Adoption of DevOps assembly lines has been both inevitable and obvious, as they are already built and are a bridge between separate processes.
So far, security has been the main argument against cloud computing. The solution that we’ve all been waiting for is AI integration.
AI analysis of metrics such as traffic, user behavior, and out-of-pattern activity detection will enable us to react more quickly or set up a security system that will react to alerts and take preventive action.
AI algorithms will be used to detect any attack-like activity to prevent system failures.
Obviously, artificial intelligence and data science will play a huge part in DevOps transformation in the near future—not only in tests and security but also in automation of the whole infrastructure.
Everything as Code
One of the trends of 2019 was Infrastructure as Code. It was widely used in companies worldwide; however, it’s no longer enough to ensure compatibility on the market.
The Everything as Code approach refers to treating all parts of the system as code and keeping it in a repository such as GitHub.
The stored parts are infrastructure and configuration of communication switches, bare-metal servers, operating systems, build configurations, application properties, and deployment configurations. Any part can be recreated in a minute with only one click.
Everything as Code also refers to automating CI/CD pipelines and system design as code (network and software diagrams, packet flows, etc.)
Current system maintenance doesn’t require many specific skills. This is not a revolution in automation, but it is one more step toward leaving all of the tedious work to machines.
Containerization and Kubernetes
You aren’t surprised, right? No wonder Kubernetes is still on top of other orchestration solutions: It has basically become a monopolist among orchestrators and continues to grow in 2020.
Companies who used their own orchestrating solutions are now migrating to Kubernetes. Even Docker Swarm now offers to transcribe your application’s syntaxis into Kubernetes, and Rancher is using Kubernetes in its core.
Over the past few years, microservices have consistently appeared in IT trends, and 2020 is no exception.
However, here’s a piece of advice for anyone considering a microservice infrastructure: It makes sense to build it ONLY if you already have a fast-growing application with a need for horizontal scaling.
Then and only then will it be effective to cut out pieces of your existing infrastructure and restrict them to microservices one-by-one.
However, for platforms that need to scale quickly and safely, like e-commerce solutions, it is highly recommended to consider migration to microservices.
Picture this. You are running a successfully-launched e-store that is growing bigger every week. Boom! Quarantine! (Not so hard to picture this, right?) Traffic is insanely high during the day, and it goes back to normal at night.

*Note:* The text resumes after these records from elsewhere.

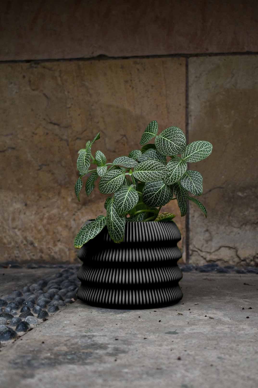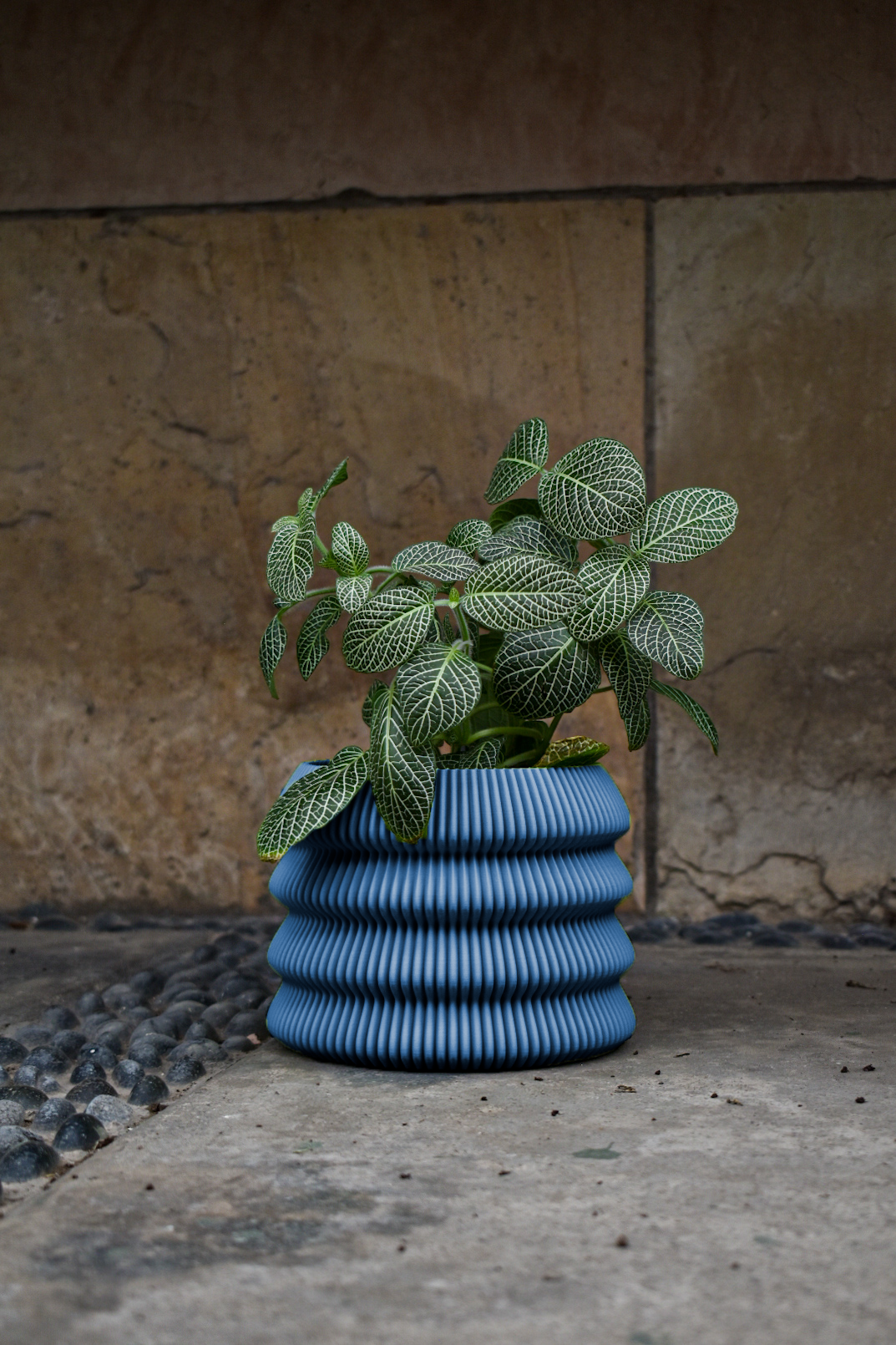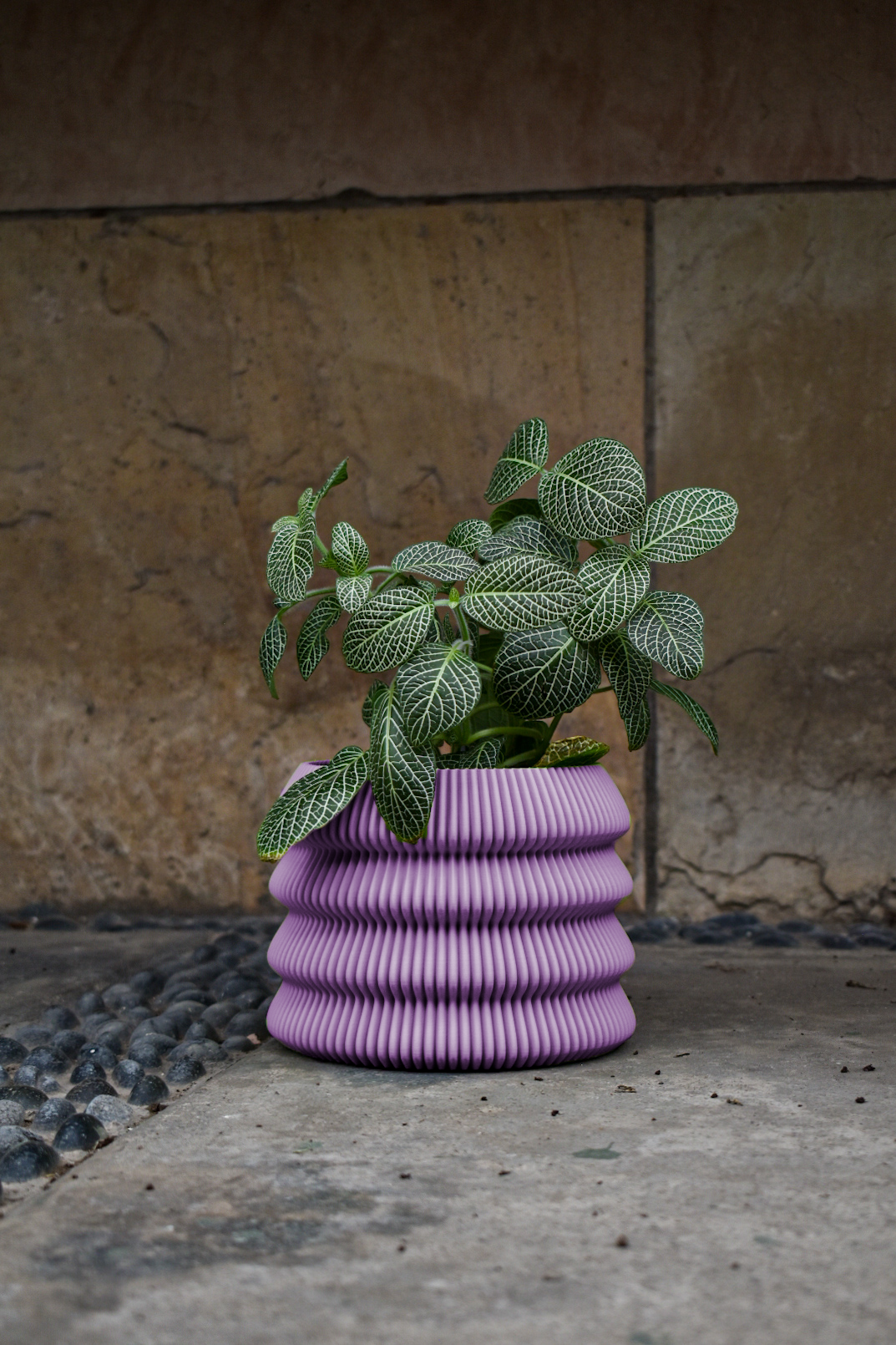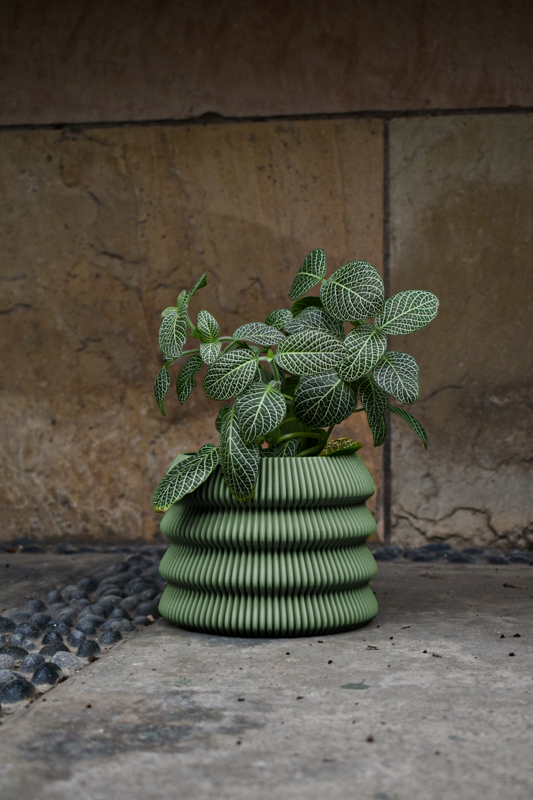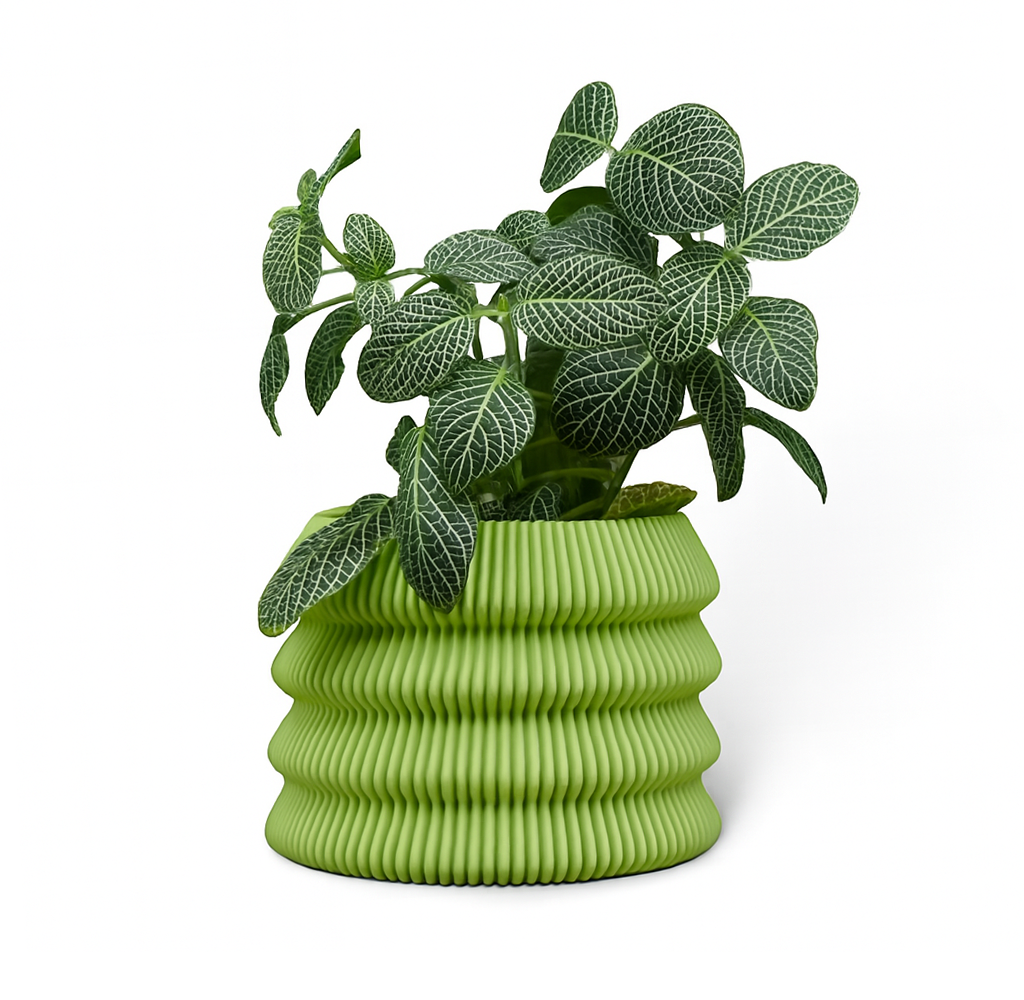 El Porta Maceta Melissa cautiva con su diseño plisado tipo fuelle, que combina estética contemporánea y dinamismo visual. Su forma acanalada no solo aporta textura y movimiento, sino que también transmite una sensación de fluidez natural. El acabado en tono verde lima mate añade un aire fresco y moderno, ideal para espacios llenos de vida. Fabricado mediante impresión 3D con materiales sostenibles, permite colocar directamente macetas interiores estándar sin necesidad de trasplantar, siendo una opción práctica, decorativa y ecoamigable.
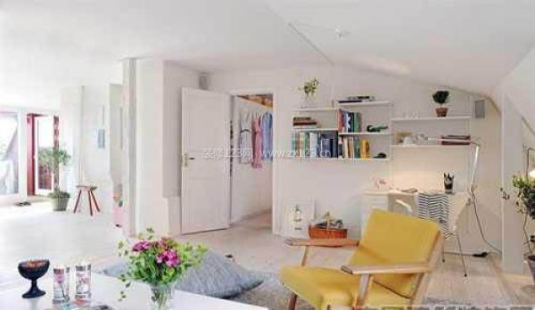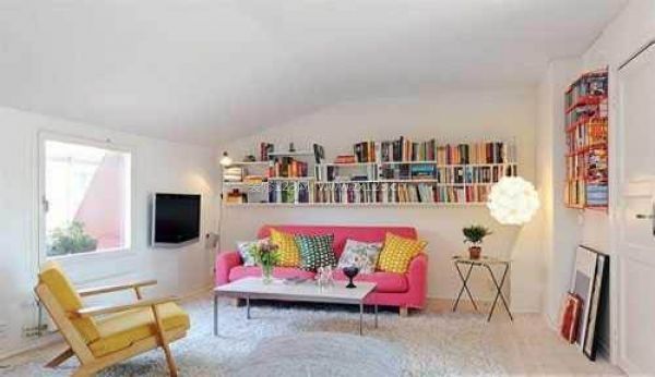 客廳里墻面與地面都繼續沿用白色,潔凈純白的國度里五彩的軟裝飾點亮空間。粉紅色的沙發配以圓點抱枕,顯得俏皮可愛。
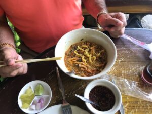 Apesar de próximo de muitas atrações locais, não é um restaurante do tipo “parada turística”. Sem luxo, mas com muita autenticidade oferece uma ótima oportunidade de provar a legítima culinária de Chiang Mai (que é levemente distinta da culinária tailandesa).
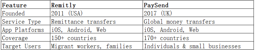 Both offer simple mobile interfaces and transparent pricing. However, PaySend appeals to card-to-card transfers, while Remitly emphasizes cash pickup and local delivery. For users who want an all-online, fast, and low-cost experience, Panda Remit also provides a competitive choice in the remittance market.
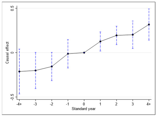 The premise for employing a DID model is that the common trend assumption should be satisfied. Here, we examine the dynamic effect of the COPP on residents’ health statuses via Model (2). Figure 2 shows the results. Figure 2 visualizes the dynamic effects of the COPP on health level, using the standard year zero as the reference, where the black line connects the estimates and the blue line indicates the 95% confidence intervals. The corresponding coefficients are estimated using Model (2). The coefficient of the COPP remains negative before the standard year and insignificant in the first two periods, which indicates that there is no significant difference in pre-trends between the treatment group and the control group, and the common trend assumption is satisfied. Meanwhile, the coefficient after the stand year becomes positive and stays significant throughout the year. The common trend assumption test supports the main conclusion of this paper.
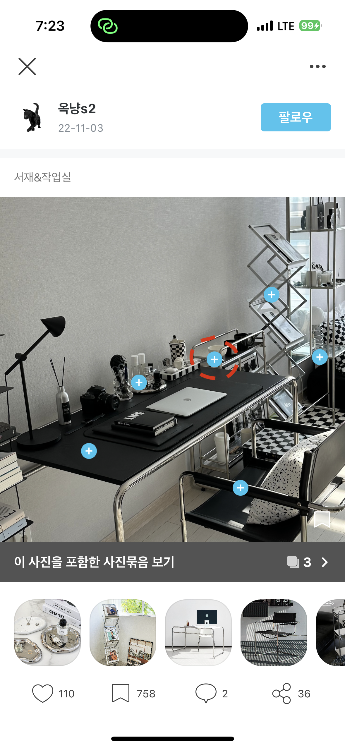 - 콘텐츠 내의 제품 태그(+)를 클릭하면 제품 상세 화면으로 넘어가 제품을 상세 정보를 볼 수 있고, 바로 구매도 가능한 one-stop 구매 시스템을 제공
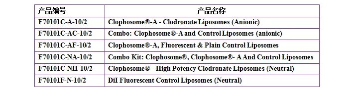 Clophosome?系列產(chǎn)品提供多種空白對(duì)照,各種組合包裝,便于選擇,相關(guān)產(chǎn)品信息如下:
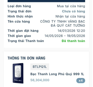 Khi giá bạc giảm, vì không ra cửa hàng mua trực tiếp được nên a.K đã đăng ký mua online tại SBJ. Nhưng khi đặt mua, bạc dự kiến giao vào tháng 7/2026.
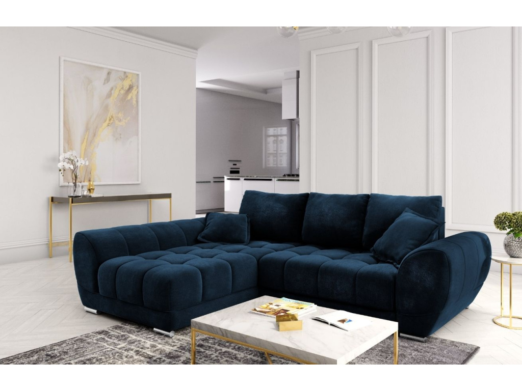 Designová čtyřmístná rohová pohovka Nuage od výrobce Windsor & Co se díky elegantním liniím a jemnému sametovému čalounění v modré barvě stane ideálním místem pro odpočinek, posezení s rodinou, přáteli nebo romantické večery ve dvou. Atraktivní prošívání a minimalistická kovová podnož v kombinaci s látkou příjemnou na dotek dodá vašemu obývacímu pokoji jedinečný styl. Maximální komfort zajistí dva dekorativní polštářky. Látka disponuje voděodolnou technologií, je tedy vhodná pro rodiny s dětmi a domácími mazlíčky. Díky vlastnostem se však hodí i do komerčních prostor jako jsou hotelové haly, apod. Pohovka je rozkládací, rázem se z ní stane pohodlné lůžko pro vaše hosty.
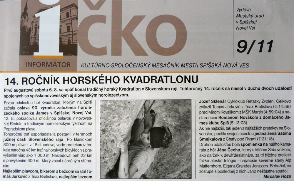Ďalší, už XIV. ročník unikátneho preteku - "Malý horský kvadratlon" - zloženého zo štyroch disciplín, ktorý je určený hlavne pre horolezcov, skialpinistov, horských bežcov a cyklistov sa uskutočnil 6.8.2011. Štartovali sme o 1020 na Palcmanskej maši plávaním, pokračovali krásnym bicyklovaním cez Hanesovú, popod Havraniu skalu, cez Stratenskú pílu a Geravy na Biele vody a za lezením sme sa prebehli cez Klauzy a Kláštorisko na Tomašovský výhľad. Vyhodnotenie, odovzdávanie cien a občerstvenie bolo na Čingove.
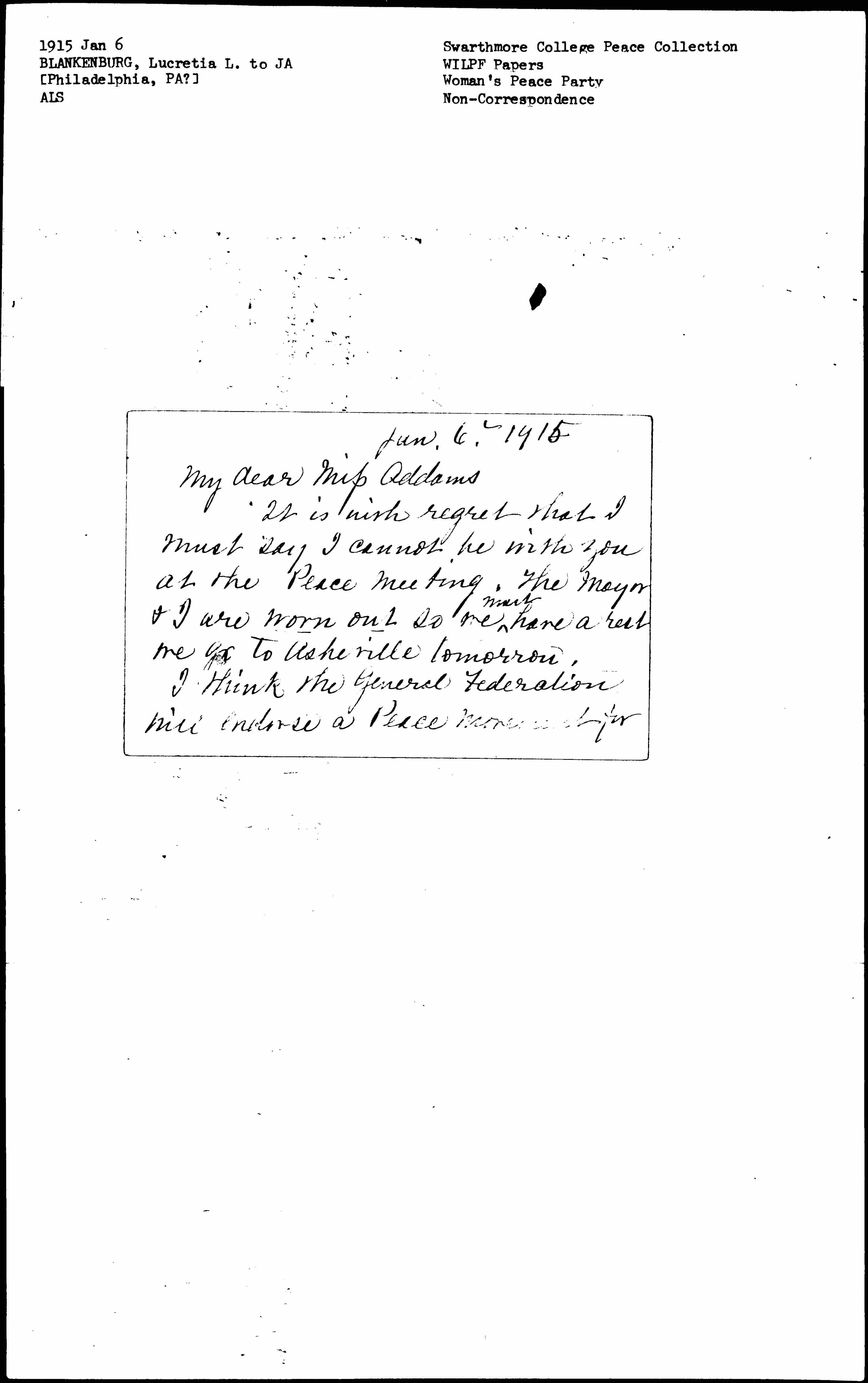It is with regret that I must say I cannot be with you at the Peace meeting. The Mayor & I are worn out so we <must> have a rest. We go to Asheville tomorrow.
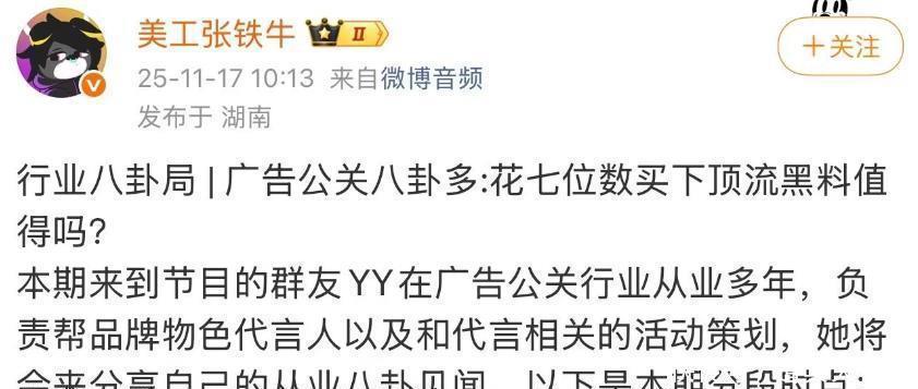 11月17日,有个知道内情的人发帖说,某个品牌刚和一个男顶流明星签了约,准备正式宣布他代言的消息时,突然收到狗仔那边的消息。
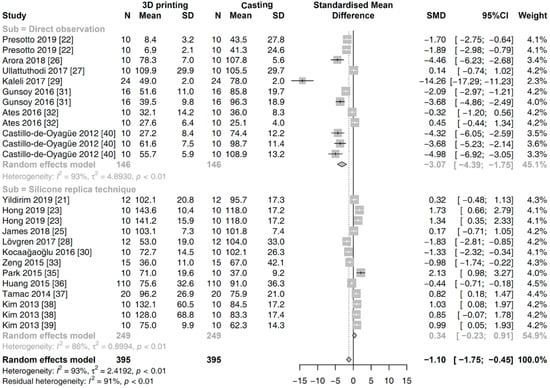 The subgroup meta-analysis on the different types of prosthesis presented no significant difference in terms of the estimated SMD between single crowns and multi-unit prostheses. Thus, the 3D-printed prostheses had a better marginal fit than the prostheses fabricated using casting methods, irrespective of the size. Meanwhile, in the subgroup meta-analysis on the measurement methods, the tendency of marginal discrepancy between the 3D printing and casting groups was significantly different between articles that used the direct observation and the silicone replica technique. In the articles with the direct observation, large differences in the misfit were found between the 3D printing and casting groups (SMD = −3.0735, p < 0.001). However, within the comparison of the articles with the silicone replica technique, the difference in the misfit between the 3D printing and casting groups was non-significant (SMD = 0.3379, p = 0.2461). This finding might be related to the measurement procedure and reliability in the testing methods of the studies [42]. The silicone replica technique is the most commonly used nondestructive method that is applicable in the clinical setting; however, its major drawback is its susceptibility to error [43]. The thin silicone layer in the margin area can be torn or distorted during silicone replica formation. The sectioning of the silicone replica could also be problematic because of human error when the cutting position is inconsistent or the cutting is conducted in oblique planes. When the section is not standardized, the measurements are unreliable [44]. Specific sectioning strategies, such as the use of fiducial markers or cutting devices, have been suggested in several studies to help reduce the possibility of sectioning error [26,29,32,38,40]. Reading error is another issue among observers during the manual selection of measurement points to measure the marginal gap in the acquired images [45]. Thus, suitable standardized procedures are necessary to increase the reliability and reproducibility of the outcomes of individual experiment studies and minimize the bias risk in the meta-analysis performed on the studies.
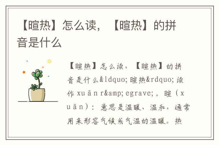 【暄热】怎么读,【暄热】的拼音是什么
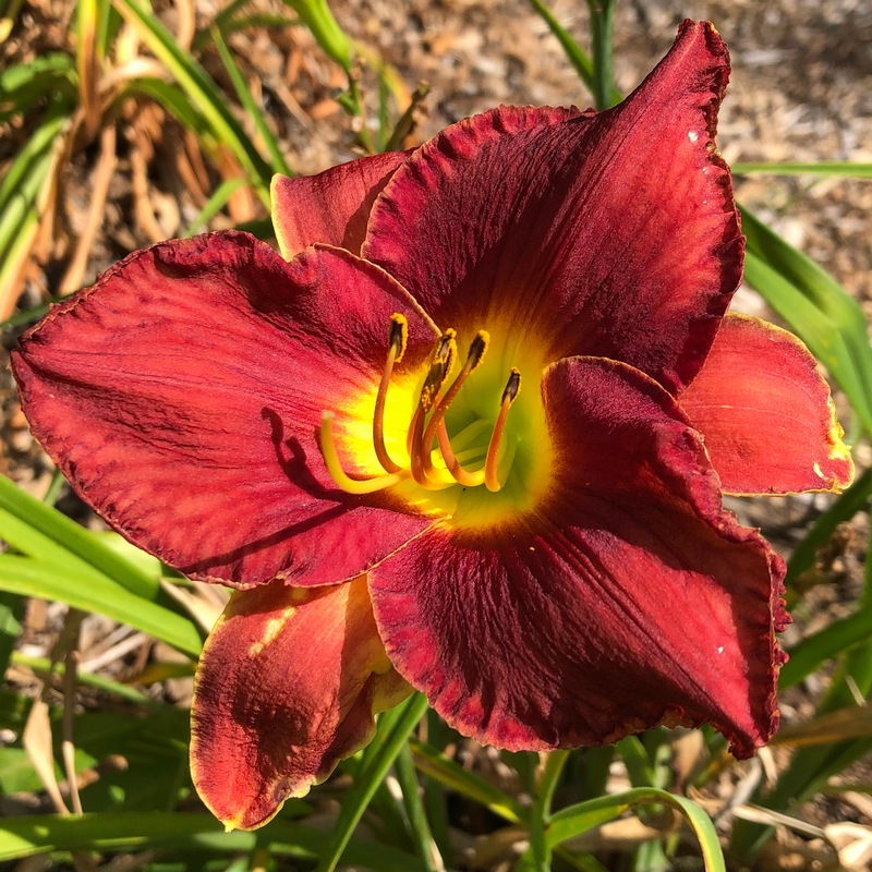 Oakes 84 - 30" M 7" DOR TET Bright red self, velvety, green throat, sunfast |
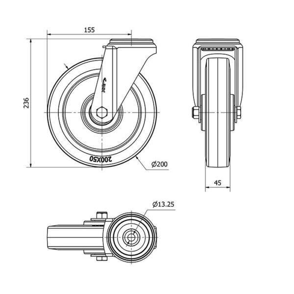 Rueda goma giratoria Alex diametro 200 mm. modelo 2-4472

There are constant website failures due to the high load.
Although there are several ways to solve this issue, whether you’re on the cloud on on-premise servers, you wouldn’t have to worry about this with a microserviced infrastructure. You wouldn’t have lost those users who couldn’t reach your website when they needed it and would have saved on hiring a DevOps team during the high season.
Try Out the Trends
Automation has become a major focus, and its implementation involves automation scripts and pipelines, as well as AI and Data Science. Together, these practices will gradually take over manual tasks.
But rest assured, nobody needs to worry about losing their job to a robot.
Every human job will transform into something bigger, something that a robot can’t do. For example, manual testers will start creating automation tests and then improve them, System administrators will practice DevOps, etc.
One thing remains clear: If companies want to increase their uptime and recover quickly, they need to automate their processes.
2020 seems to be a real digital transformation for DevOps. Look up these eight trends, try new tools, fail, succeed, experiment—this is the only way to the top.
Happy DevOps transformation and good luck!